A comparison with other 2D material-based SPR sensor structures utilizing a silver plasmonic layer is presented in

Table 1. Angular interrogation-based sensor performance comparison.

Structure	Wavelength (nm)	Sensitivity (deg/RIU)	FOM (RIU−1)	Reference
BK7/Ag/BP/Graphene	633	217	–	[35]
BK7/Ag/BP/WSe2	633	279	–	[35]
BAK1/Ag/WS2/FASnI3/BP	633	402	48.2	[60]
BK7/ZnO/Ag/BaTiO3/WS2	633	235	63.51	[61]
BK7/ZnO/Ag/BaTiO3/MoS2	633	195	20.67	[61]
BK7/ZnO/Ag/BaTiO3/Graphene	633	168	58.33	[61]
BK7/Ag/Graphene	457.5	300.26	33.25	[62]
CaF2/TiO2/Ag/PtSe2/WS2	632.8	240.1	78.46	[63]
BK7/Ag/TiO2/Graphene	480	302.26	33.76	[64]
CaF2/Ag/BP/WS2	633	375	65.78	[59]
BK7/Ag/Au/BaTiO3/Graphene	633	294	42.13	[65]
BK7/Ag/WS2/BaTiO3/BP	633	370	60	[66]
BK7/Ag/12 layers BP (AC)	633	211.1	–	[67]
BK7/Ag/12 layers BP (ZZ)	633	287.9	–	[67]
FS/TiO2/Ag	632.8	251.5	52.3	This work
FS/TiO2/Ag/BP (AC)	633	324.5	37.8	This work
FS/TiO2/Ag/BP (ZZ)	628	351.2	44.7	This work

. It is clear that the simple structure exhibited a significant increase in RI sensitivity due to the incorporation of 2D material, optimized parameters, and source wavelength adjustment, which was demonstrated using an innovative approach. While some structures may demonstrate a higher sensitivity or FOM compared to the proposed design, their complexity often makes them more challenging to manufacture, such as in matching the lattice parameters of 2D materials. In contrast, combining structural simplicity with parameter optimization can yield comparable results. In the 2D material-based SPR sensors listed in Table 1, the nearest to our design is a structure employing the 2D materials of BP and WS₂ with the use of a coupling prism of CaF₂ [59]. In this case, both high RI sensitivity and FOM are achieved simultaneously. Additionally, adjusting the source wavelength can further enhance the sensor’s performance. This wavelength tunability allows for increased sensitivity across the entire range of the analyte RI and is a significant advantage since it does not require any modifications to the sensing structure.

5. Conclusions

In this paper, a comprehensive analysis of reflectance responses in the angular domain was presented for a simple SPR structure including a silver layer. The silver layer thickness, together with the RI of a coupling prism and the source wavelength, was varied to obtain insights into the behavior of the sensor and enable the optimization of its performance. This approach was taken for aqueous solutions of NaCl based on RI sensitivity, the reflectance minimum, and the FOM. Additionally, the analysis was extended to the SPR structure’s modification with 2D material, two monolayers of BP, for which SPP propagation along ZZ and AC directions was considered.
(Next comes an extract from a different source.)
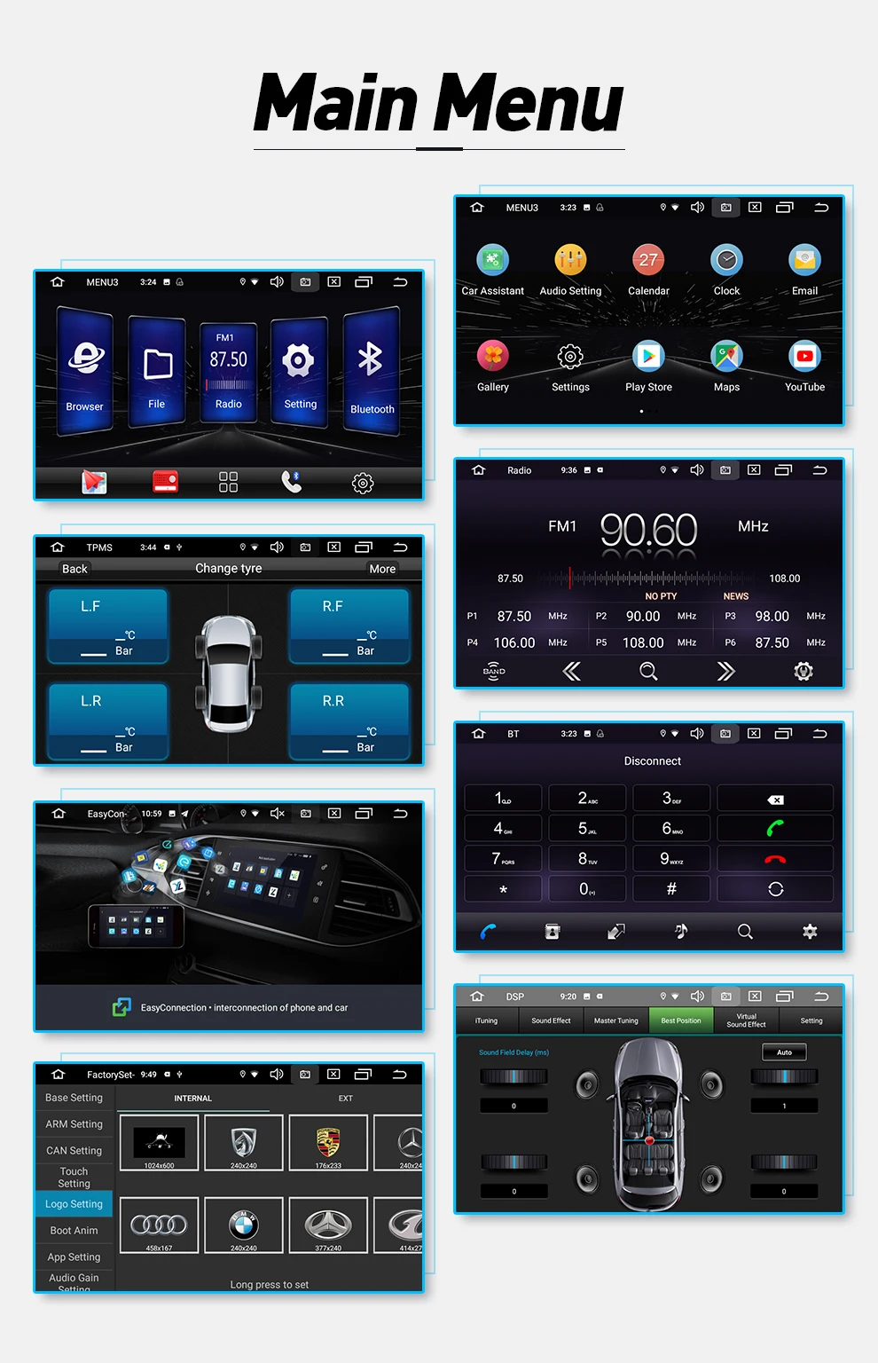 Android 9.0 Special For Ford Focus 2004-2011 9' 2.5D IPS Screen,Android 9.0 Car Radio, With DSP, RDS And Support TPMS, DAB+(only Euro country have the signal),RAM+ROM:2G+16G Unimaginable!!! It has three MENUs for you to change in the radio. Software Feature Operating System: Android 9.0 Display size: 9/10 inch CPU: 1.2Ghz Quad-core Aduio Chip: The Newest TDA 7851L Radio Chip:7786 Input Power: 4*60W RAM: 2GB ROM: 16GB Resolution: 1024*600 Screen: 9inch/10inch 2.5D IPS Special Function: DSP,RDS, Split Screen Support :TPMS,DAB+ WiFi :Support USB Slots:Support GPS:Support Video out :Support 1.GPS function,The Android radio supports virtually all applications with maps (Yandex maps, Google maps, IGO map etc). You can download your favorite application via Google play, also you can download map from phone then install USB for offline GPS. 2. The Screen is 2.5D IPS full touch Screen,Higher resolution andSmoother 3. DSP Function,Excellent sound quality with more customerized options, to provide you with a much better experience. 4.Split Screen, Two function can work at the same time and show together, pay attention to, that some third-party apps do not support to work under split screen feature. 5. Support the DAB+,At present only Euro country have the DAB Signal 6.Support the TPMS, you can use the TPMS sensor connect the radio, and install the TPMS APP, the Radio would show the TPMS message,It's reallyConvenience,but the TPMS need you choose,maybe you can click the picture to choose. 7.The Aduio chip is the Newest TAD 7851L,Multiple customization options let you adapt the audio experience to your likeing.And with the built-in 4 x55w amplification,music sounds clear even at high volumes,Powerful,clear amplification. 8.Support the rear view camera ,When the car in Reverse Gear, this car DVD will automatically switch to the back-up camera image view with parking line. if you want the rear view camera, pls click this picture to check it . 9.Support USB DVR,Once setup, this feature can capture events that occur while driving, providing safety features, such as collision footage. also you can clickthis picture to check the DVR 10.Bluetooth function,supportthe phone call, the music, the voice by Bluetooth,Connect your smart phone by Bluetooth function,you could make and receive calls directly from the car DVDitself with the built-in MIC and speaker. Make your hand free for safe driving. 11.Support Mirror link.You can connect the iPhones and android phones by your Phone such an GPS navigation, music,play games,videos. Makes connected driving easier, safer and more enjoyable. For Android phones, it can connect and control the device by USB and Wifi, For iphone, can connect by wifi. 12.Support steering wheel control,compatible with most of the steering wheel control functions. Easy to switch songs,channels and adjust volume, also for handfree bluetooth phone to provide you a safer and more enjoyable journey. 13.Bulid your own sound.And with the built-in 4*45 W amplification, music sounds clear even at high volumes. Tailor the sound to your personal preference with the 9-band graphic equalizer. Pop, Rock, Jazz, Classical, Flat, User, Voice. Multiple customization option's let you adapt the audio experience to your like. 14.Multimedia Player,1024*600 screen resolution, support HD 1080P video display. Build-in Wi-Fito enjoy online music and videos. Support display by USB and SD Card. Support Media Format:JPEG,DVD-R/RW,CD,WMA,MP3,DVD-RAM,Mp4,ect. 15.FM Function, also support the RDS 16.Support the OBD2, Diagnose your car statueanytime, and just need you download the OBD2 apk in the radio, and if you need the OBD2, pls click the following picture to choose. 17.Support WIFI,you can use the radio connect your phone's hot spotor other Wi-Fi, then you can download any apps you want, and Easy access to network. 18.Support Multi-Languages,there only part of the languages in the radio, 19.Main Menu It support a lot of car model logo as Boot Logo, maybe you can check it, there onlydisplayedpart of the logoin the radio. 20.Efficient Heat Dissipation.The device with itselfficiant heat dissipation will keep running in a stable manner and still allow smooth operation even if your cars temp reaches up to 70℃.Exhaust the heat via the double aluminum heat sink 21.Perfect tear apart protective film methods 1.Please use the blade to find the protective film 2.Tear protective film 3.Perfect HD Big screen 22.Product appearance and the cable connection, the rear camera connection. 23.The price including all the Wires as below: Universal power wires: 1 piece Speical Power Cable For Ford Focus: 1 piece RCA wire:1 piece Rear camera Wires:1 piece GPS wires: 1 piece USB wires: 1 pieces The syetem for the navigation:pure and real Android 9.0 Unlike most car receivers, we have takes 9 inch 2.5D IPS screen instead of 8 inch. The monitor is even bigger, the picture is even clearer Product Detail Our work time is 9:00-18:00 Monday-Friday(Beijing time), so if we dont reply you, because our time is different,when we saw it, we would reply you right soon, thank you first. Other Android Radio If you interesting in, maybe you can click the following picture to check it ClickThis Picture To Follow Our Store, And Get The Installation Tool As A Gift !!!

For the selected structure, the optimization gave a wavelength of 632.8 nm, a thickness of 50 nm for the silver layer, and a fused silica coupling prism. The achieved RI sensitivity varied in a range of 193.9–251.5 deg/RIU, with the highest FOM value being 52.3 RIU⁻¹. The optimization was extended to a similar structure with the addition of two monolayers of BP in both the AC and ZZ directions. The optimization results included a thickness of 50 nm for the silver layer and the achieved RI sensitivity, which varied in the range of 269.1–351.2 deg/RIU at the optimized wavelength of 628 nm, with the highest FOM reaching 44.7 RIU⁻¹ for the ZZ direction.
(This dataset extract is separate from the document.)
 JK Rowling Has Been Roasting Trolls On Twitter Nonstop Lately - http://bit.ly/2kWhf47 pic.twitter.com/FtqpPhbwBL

The simple plasmonic structure design is advantageous from a manufacturing standpoint. More complex structures with an increasing number of degrees of freedom may be affected by manufacturing tolerances. The results of the optimization indicate that the innovative approach of adjusting the wavelength of a source using a 1DPhC including a defect layer combined with an LED has potential in the development of more efficient and accurate sensors employing a simple plasmonic structure.